Setup consisted of accessing the Real Drive Corpus (RDC) and choosing the files for testing. We used the fiwalk14d directory, which had all three files that we would need for the experiment. This directory contained metadata from the state of the corpus in late 2014. While there was also the fiwalk17a directory available for consideration, due to some missing data and files, we decided to go with fiwalk14d.

Once access to the fiwalk14d directory was attained, the next step would be to make identify files in the random sample as interesting and uninteresting by Dr. Rowe's previous experiment. For this, we did two database-style joins of the data with lists of hashcodes, one a list of interesting hashcodes and one a list of uninteresting hashcodes.

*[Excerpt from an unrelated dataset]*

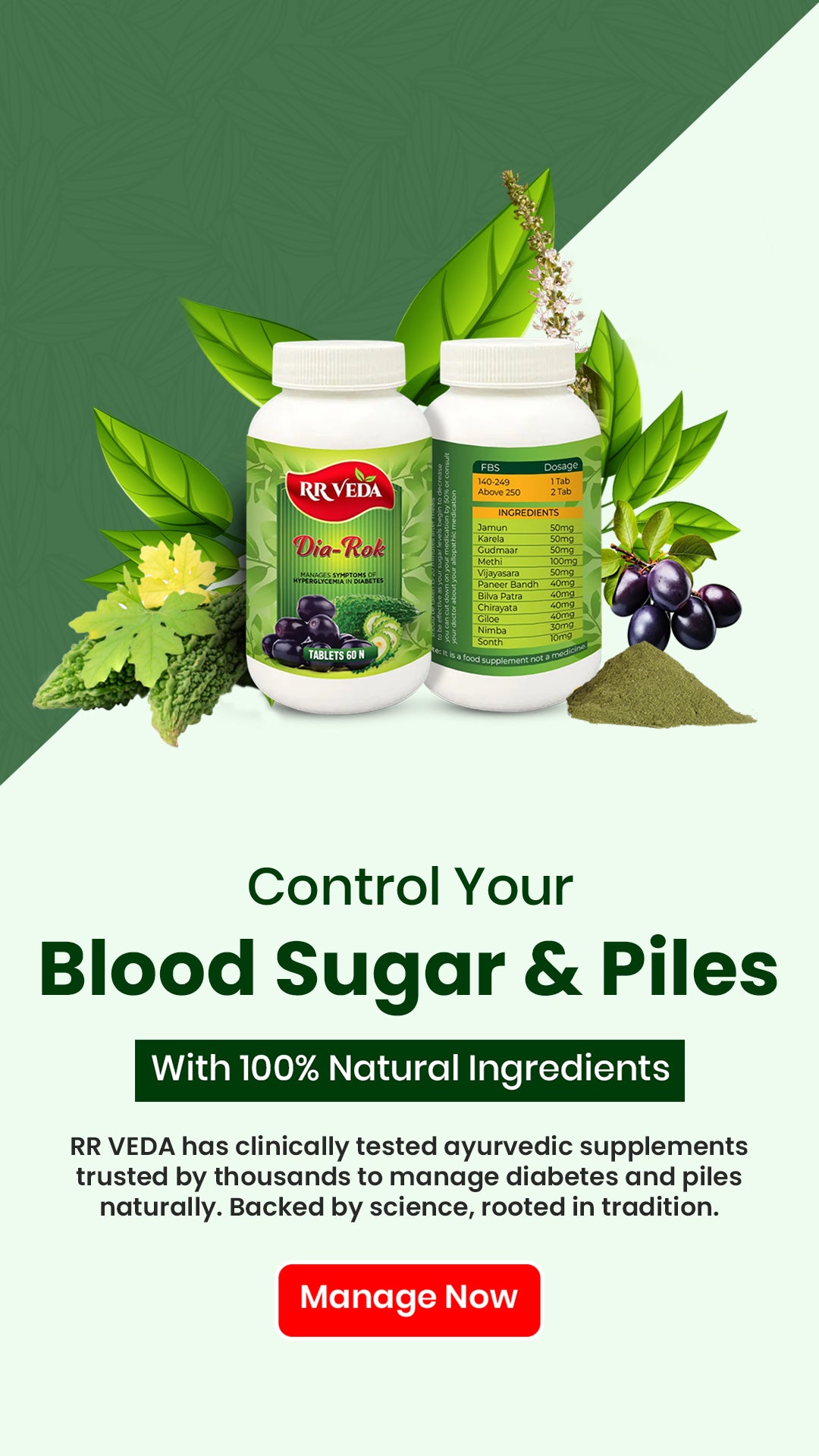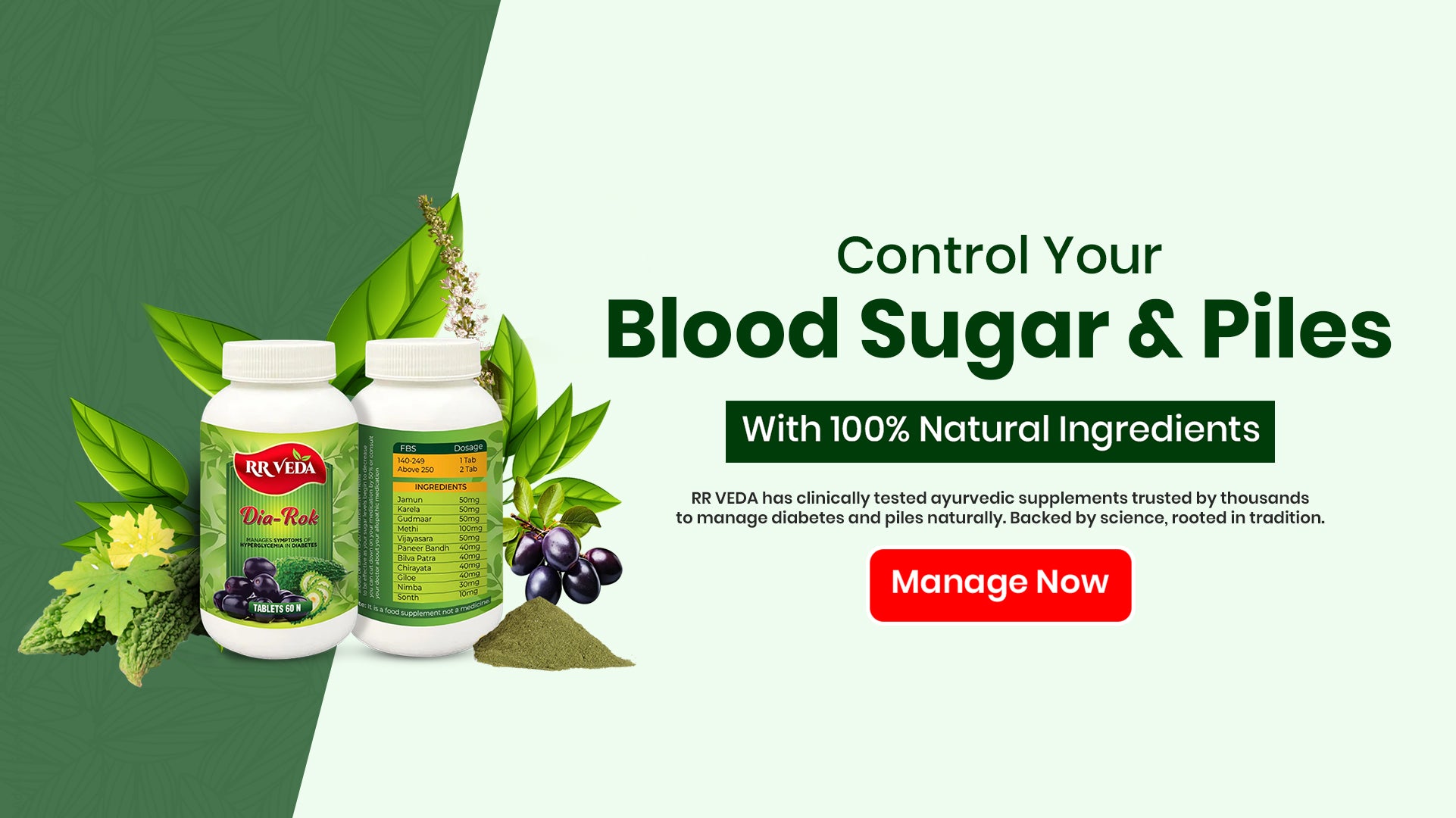 At RR Veda, we believe in the power of Ayurveda to transform lives. Our natural ingredients for diabetes and piles are crafted with pure, potent herbs and backed by ISO, GMP, and FSSAI certifications, ensuring safe and effective care for your wellness journey.

The next step was to find the particular image files that we wanted to study. To accomplish this, we used the "grep" command to search for the desired file extensions (with or without capitalization) (.gif, for example). The command for finding interesting GIF files was:

Grep "\.gif|" join_augmented_hashdata_rdc_final_hahscodes.out >GREPinterestingGIFs.txt

This found many files. To enable manual inspection, we took a random sample by utilizing a python program called randchoose, which was developed by Rowe. Using randchoose reduced the number of data files that had to be transferred from the RDC to my computer. It should be noted that for both the uninteresting and interesting MP4 randchoose files we used a sampling ratio of 0.1, but for every other file type I used 0.01 as the ratio because the MP4 files found by grep were a lot less than the other grep files.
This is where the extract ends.